This book was recommended to me by Jamie Ray, who runs the blog A Boy and Her Dog, and is a great read…listen. I got the audiobook. I do love to read, but I have been traveling this month and knew this would be a better way to get a little more reading in. Interestingly, I am traveling away from the city where her story ends. I feel like this lets me appreciate the end of her story a bit more, but perhaps not.
I find this book very interesting and would definitely recommend it to others. Specifically, it is for those who want to understand the world through the experiences of others. Some such people love biographies and sometimes they are simply people trying to appreciate the way others can get different ideas and concepts about the world around them than those which the reader was raised with.
I appreciate that she begins with a conversation with her mother outside of the atmosphere where most of the story takes place. It made it much easier or me to get through so many of the sad or infuriating parts of the story later on.

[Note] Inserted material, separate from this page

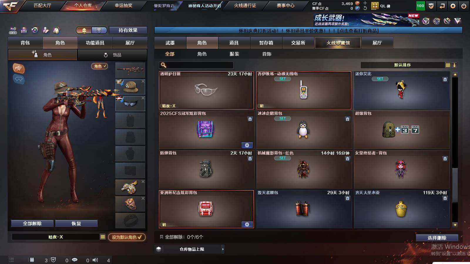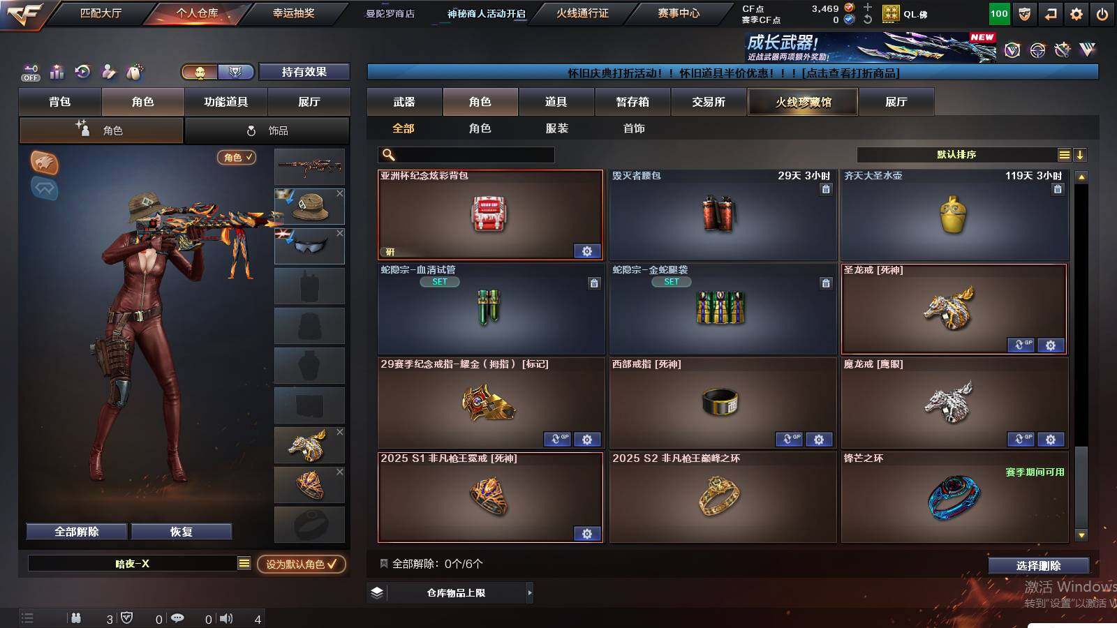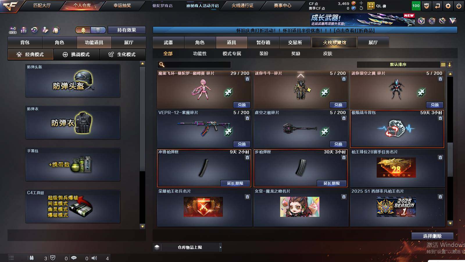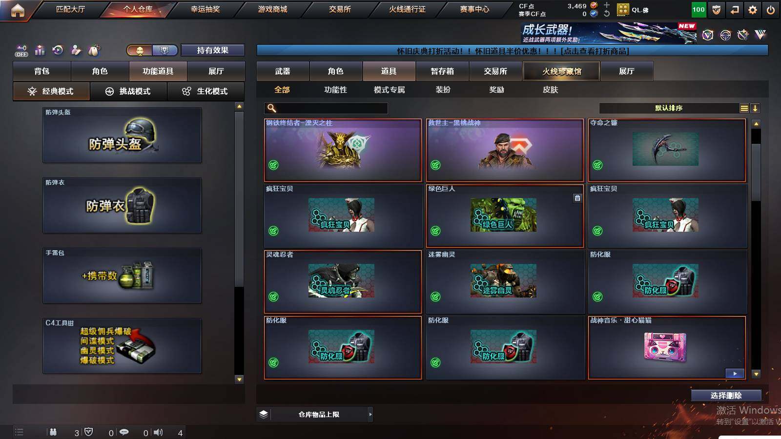 陕西一区-18v 【传说武器】:传说圣谕,传说幽瞳 【热门武器】:传说幽瞳,传说圣谕,m200-幻神,cat-刀锋,m4a1-黑骑士,羊驼玩偶,沙鹰-修罗 【王者炫金武器】:王者星光,王者冰锋 【音效卡】:awm-裁决音效卡,barrett-碧霄极光音效卡 【皮肤】:幻神-电流骇客 皮肤,裁决-运输船 皮肤,毁灭-航天科技皮肤,屠龙-惊鸿 皮肤,擎天-傲竹金蛇 皮肤 【角色】:研,战地猎狐,乔

All in all, she lived a life that terrifies me, where the rules of her community served to limit everyone in it, it seemed. She also makes it very clear which rules made her feel like she had clipped wings and which just made her feel like an outsider. Knowing that she breaks free from the start gave me the hope I needed to make it to the end of her book. Hearing the way she did it was great. I enjoyed the way she seemed to just decide to take control over her own life and take her power instead of continuing to give it away. That was how it felt to me.
There were many interesting aspects of Feldman’s story and I truly hope the best for her. She has since written another book: Exodus: A Memoir and has a blog. That she already knows how to take control of the power of her single voice in the world assures me that she will probably continue to be just fine.
For me, this month is a time for reflection and review of what we’re doing and this book fits nicely within that. Feldman recounts her experience and takes stock of her life and where it may be heading. She appreciates that road that she went down to get to where she is, the things that it prepared her for, and the things it didn’t. She also ends with a sense of adventure for her future and all the experiences that are still to be had. It was very hopeful and I like that sort of thing.